▶ _Task objective_
Every line below must come back exactly as it stands, with the images omitted.

▶ _Dataset extract_
▼▼▼
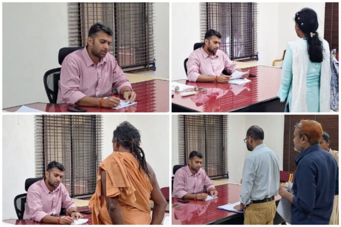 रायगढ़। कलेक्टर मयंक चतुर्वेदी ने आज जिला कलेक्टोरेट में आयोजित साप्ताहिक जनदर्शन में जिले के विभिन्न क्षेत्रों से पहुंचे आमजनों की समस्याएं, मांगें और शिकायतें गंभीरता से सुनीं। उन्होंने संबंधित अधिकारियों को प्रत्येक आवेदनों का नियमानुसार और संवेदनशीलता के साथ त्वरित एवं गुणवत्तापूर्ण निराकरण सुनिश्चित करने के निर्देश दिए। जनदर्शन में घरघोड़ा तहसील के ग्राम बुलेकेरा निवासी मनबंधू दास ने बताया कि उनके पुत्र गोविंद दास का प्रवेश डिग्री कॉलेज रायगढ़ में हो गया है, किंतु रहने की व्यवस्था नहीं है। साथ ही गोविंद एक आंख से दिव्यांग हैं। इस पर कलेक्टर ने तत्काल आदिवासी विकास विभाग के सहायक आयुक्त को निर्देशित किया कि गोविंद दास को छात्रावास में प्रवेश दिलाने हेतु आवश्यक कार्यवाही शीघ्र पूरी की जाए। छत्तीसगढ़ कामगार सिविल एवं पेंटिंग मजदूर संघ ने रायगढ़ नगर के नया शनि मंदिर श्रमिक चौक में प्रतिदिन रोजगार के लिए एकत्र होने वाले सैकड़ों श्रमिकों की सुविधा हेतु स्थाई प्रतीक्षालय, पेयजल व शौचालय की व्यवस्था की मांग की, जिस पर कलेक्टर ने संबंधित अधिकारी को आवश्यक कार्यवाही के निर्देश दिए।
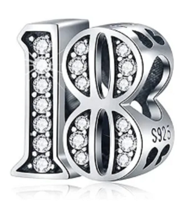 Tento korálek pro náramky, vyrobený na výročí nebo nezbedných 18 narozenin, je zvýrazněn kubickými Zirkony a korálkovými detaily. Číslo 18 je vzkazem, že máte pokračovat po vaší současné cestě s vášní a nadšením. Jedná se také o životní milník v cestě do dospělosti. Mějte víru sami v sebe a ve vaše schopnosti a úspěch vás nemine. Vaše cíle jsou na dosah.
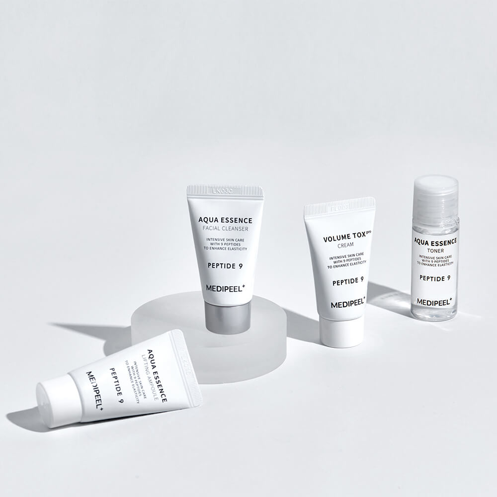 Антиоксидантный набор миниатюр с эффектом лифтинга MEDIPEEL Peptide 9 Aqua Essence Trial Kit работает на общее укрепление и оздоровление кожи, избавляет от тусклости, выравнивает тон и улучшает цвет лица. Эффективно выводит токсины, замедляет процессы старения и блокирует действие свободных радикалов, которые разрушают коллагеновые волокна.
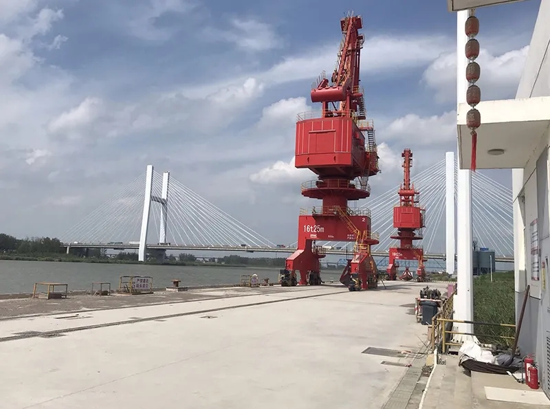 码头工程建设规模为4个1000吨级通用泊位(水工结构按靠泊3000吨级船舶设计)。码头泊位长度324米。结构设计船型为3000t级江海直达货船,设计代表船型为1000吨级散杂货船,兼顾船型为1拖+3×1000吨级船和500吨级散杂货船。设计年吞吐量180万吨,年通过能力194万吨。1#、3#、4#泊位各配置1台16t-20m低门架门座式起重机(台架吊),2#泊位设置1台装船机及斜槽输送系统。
▲▲▲
▶ _Solution_
 रायगढ़। कलेक्टर मयंक चतुर्वेदी ने आज जिला कलेक्टोरेट में आयोजित साप्ताहिक जनदर्शन में जिले के विभिन्न क्षेत्रों से पहुंचे आमजनों की समस्याएं, मांगें और शिकायतें गंभीरता से सुनीं। उन्होंने संबंधित अधिकारियों को प्रत्येक आवेदनों का नियमानुसार और संवेदनशीलता के साथ त्वरित एवं गुणवत्तापूर्ण निराकरण सुनिश्चित करने के निर्देश दिए। जनदर्शन में घरघोड़ा तहसील के ग्राम बुलेकेरा निवासी मनबंधू दास ने बताया कि उनके पुत्र गोविंद दास का प्रवेश डिग्री कॉलेज रायगढ़ में हो गया है, किंतु रहने की व्यवस्था नहीं है। साथ ही गोविंद एक आंख से दिव्यांग हैं। इस पर कलेक्टर ने तत्काल आदिवासी विकास विभाग के सहायक आयुक्त को निर्देशित किया कि गोविंद दास को छात्रावास में प्रवेश दिलाने हेतु आवश्यक कार्यवाही शीघ्र पूरी की जाए। छत्तीसगढ़ कामगार सिविल एवं पेंटिंग मजदूर संघ ने रायगढ़ नगर के नया शनि मंदिर श्रमिक चौक में प्रतिदिन रोजगार के लिए एकत्र होने वाले सैकड़ों श्रमिकों की सुविधा हेतु स्थाई प्रतीक्षालय, पेयजल व शौचालय की व्यवस्था की मांग की, जिस पर कलेक्टर ने संबंधित अधिकारी को आवश्यक कार्यवाही के निर्देश दिए।
 Tento korálek pro náramky, vyrobený na výročí nebo nezbedných 18 narozenin, je zvýrazněn kubickými Zirkony a korálkovými detaily. Číslo 18 je vzkazem, že máte pokračovat po vaší současné cestě s vášní a nadšením. Jedná se také o životní milník v cestě do dospělosti. Mějte víru sami v sebe a ve vaše schopnosti a úspěch vás nemine. Vaše cíle jsou na dosah.
 Антиоксидантный набор миниатюр с эффектом лифтинга MEDIPEEL Peptide 9 Aqua Essence Trial Kit работает на общее укрепление и оздоровление кожи, избавляет от тусклости, выравнивает тон и улучшает цвет лица. Эффективно выводит токсины, замедляет процессы старения и блокирует действие свободных радикалов, которые разрушают коллагеновые волокна.
 码头工程建设规模为4个1000吨级通用泊位(水工结构按靠泊3000吨级船舶设计)。码头泊位长度324米。结构设计船型为3000t级江海直达货船,设计代表船型为1000吨级散杂货船,兼顾船型为1拖+3×1000吨级船和500吨级散杂货船。设计年吞吐量180万吨,年通过能力194万吨。1#、3#、4#泊位各配置1台16t-20m低门架门座式起重机(台架吊),2#泊位设置1台装船机及斜槽输送系统。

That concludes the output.